For Patients Treated with Oral Chemotherapy, Rocky Mountain Cancer Centers’ In-House Pharmacy Truly Delivers
There’s not much about chemotherapy that’s easy or pleasant. But for those patients who need oral chemotherapy, Rocky Mountain Cancer Centers has found a way to take some of the stress and headache out of the process: A centralized, in-house pharmacy. That delivers.
“We take care of prior authorizations, financial assistance, counseling, dispensing the drugs, following up, and doing refills,” says Matthew Schulz, PharmD, oral oncology pharmacist at Rocky Mountain Cancer Centers. While the in-house pharmacy is centralized, and located in Denver, most medications are delivered to RMCC’s clinics, or to the patient’s home, within three to five working days, Schulz says.

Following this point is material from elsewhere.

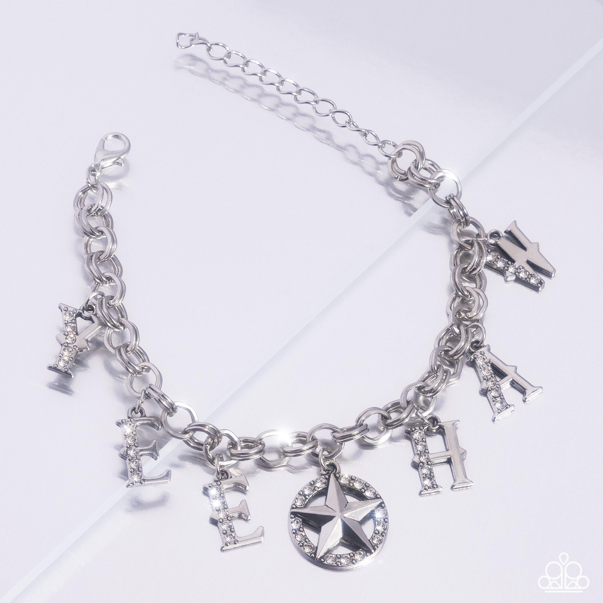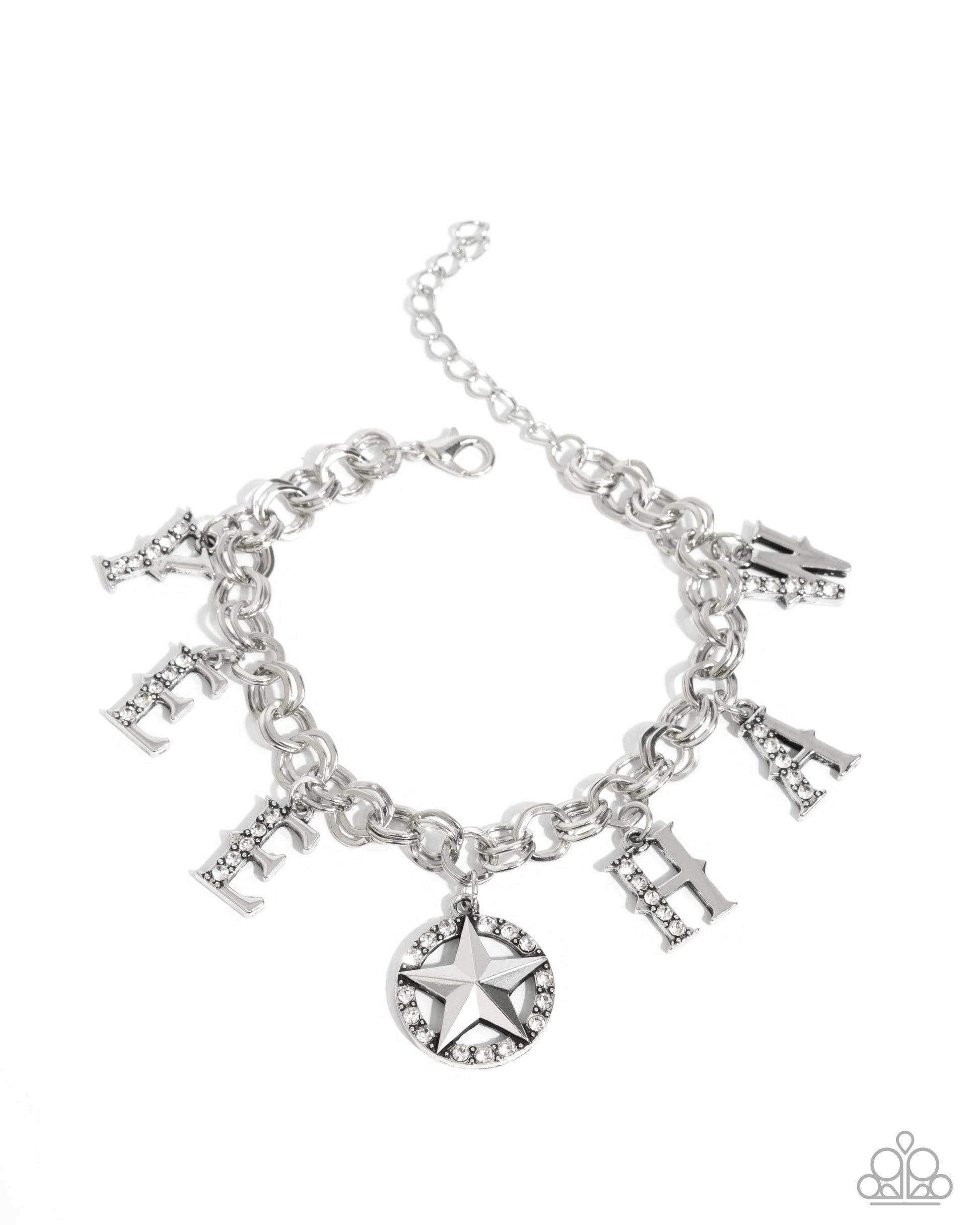 Swinging along doubled rings of silver, a collection of silver serif words lined with a row of white rhinestones spells out the phrase "Yee Haw" for a radiant, rambunctious display. A raised antiqued silver star charm sits atop a circle of rhinestones, separating the words "Yee Haw" for additional Western-inspired whimsy and shimmer. Features an adjustable clasp closure.

The coordinated system lets patients get drugs faster, which means they can start treatment sooner.
Since 2014, RMCC’s centralized pharmacy has filled prescriptions for more than 2,200 patients. The majority of those prescriptions were for oral chemotherapy drugs, Schulz says, although the pharmacy also provides medications to ease treatment side effects.

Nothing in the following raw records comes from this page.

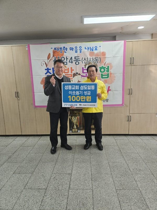 대구 동구 신암동 소재 성동교회 성도 일동은 지난 16일 이웃돕기성금 100만원을 신암4동 행정복지센터에 기탁했다.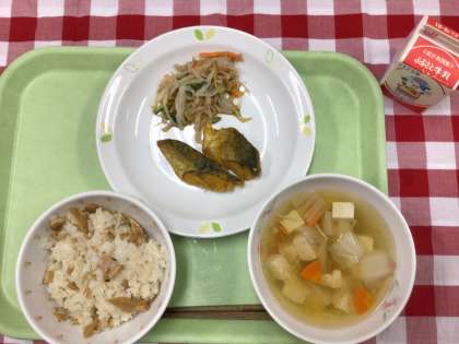 「筍ごはん、鯖のカレー揚げ、野菜のごま酢かけ、豆腐汁」です。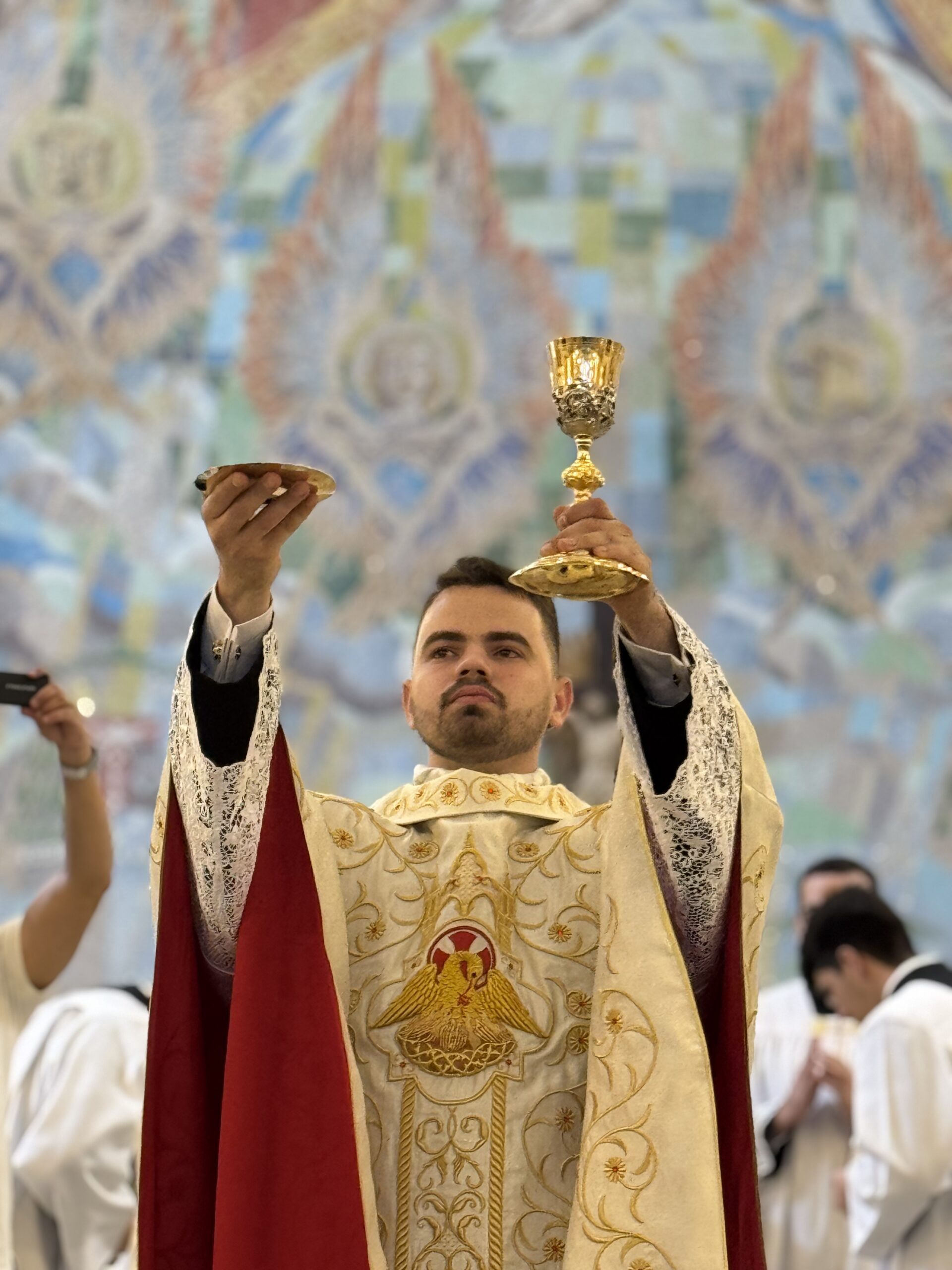 A Catedral Basílica do Senhor Bom Jesus de Cuiabá esteve completamente lotada na noite deste sábado (11) para a acolhida do neo-sacerdote Pedro Henrique, em uma celebração emocionante e já em clima de despedida do arcebispo metropolitano, Dom Mário Antonio. A Santa Missa foi presidida por Dom Mário Antonio da Silva, reunindo fiéis, familiares, amigos e membros do clero arquidiocesano.

In most cases, the in-house pharmacy can provide medications at lower cost than commercial pharmacies. In addition, RMCC staff can not only verify a patient’s coverage before dispensing the drugs, but also can explore options and resources to help patients offset the often high cost of chemotherapies. “It is our goal to ensure they pay the lowest possible price for the drug,” Schulz says. If for some reason we can’t provide the most affordable copay here at our pharmacy, we send it to the pharmacy that can accomplish that goal.”
This spring, the pharmacy added a full-time nurse to help educate patients about the medications they are taking, and monitor for side effects. “The nurse will follow up with calls at critical time intervals, such as day seven, or day 14, after initially taking the medication, to assess side effects,” Schulz says. “That intervention can make all the difference. If you don’t manage side effects and the patient ends up in the hospital for dehydration, that can delay treatment.”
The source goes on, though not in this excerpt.